Fabrice von Grünigen

Personal information
- Nationality: Switzerland
- Born: 30 July 2001 (age 24) Saanen, Switzerland

Sport
- Country: Switzerland
- Sport: Snowboarding
- Events: Snowboard cross; banked slalom;

Medal record
Men's para snowboarding
Representing Switzerland
Winter Paralympic Games
| Silver medal – second place | 2026 Milano Cortina | Banked slalom |

= Fabrice von Grünigen =

Swiss snowboarder (born 2001)

Fabrice von Grünigen (born 30 July 2001) is a Swiss para snowboarder.

==Early life==
Von Grünigen was born in Saanen. He competed in amateur snowboarding and had to have his forefoot amputated and his lower leg reconstructed as a result of an accident he sustained on a high-altitude tour when he was 18. After getting back on his board, national coach Silvan Hofer became aware of von Grünigen through the efforts of a neighbor.

==Career==
Von Grünigen made his competitive debut in the 2023–24 season, where he won the overall European Cup.
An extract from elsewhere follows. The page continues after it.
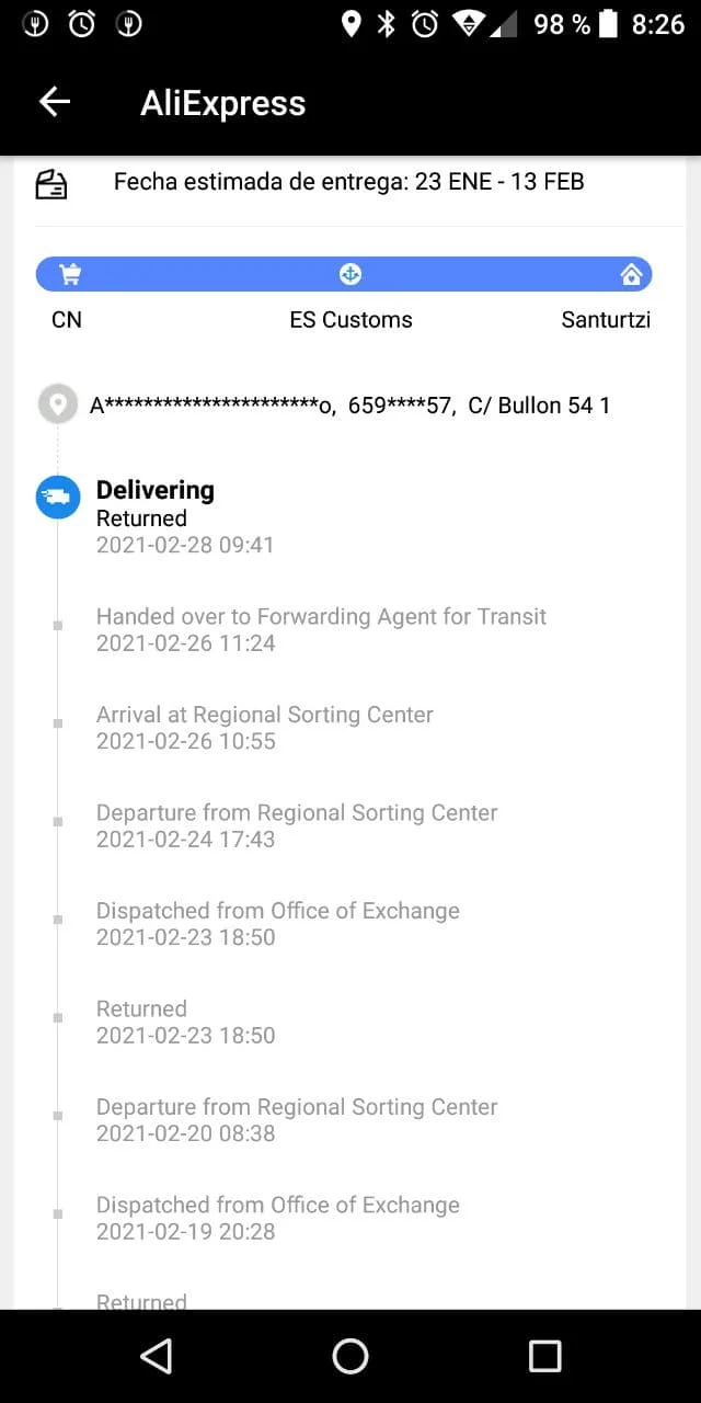 Заказ не прибыл в пункт назначения.

The following season, he competed in the World Cup, where he won a bronze medal and two silver medals, leading to his World Para Snowboard Championships debut in 2025. During the 2025–26 FIS Para Snowboard World Cup he won at least one round in the snowboard cross.

At the 2026 Winter Paralympics, von Grünigen crashed during training for the snowboard cross competition, leading him to withdraw from that event. He then competed in the banked slalom event and won the silver medal there.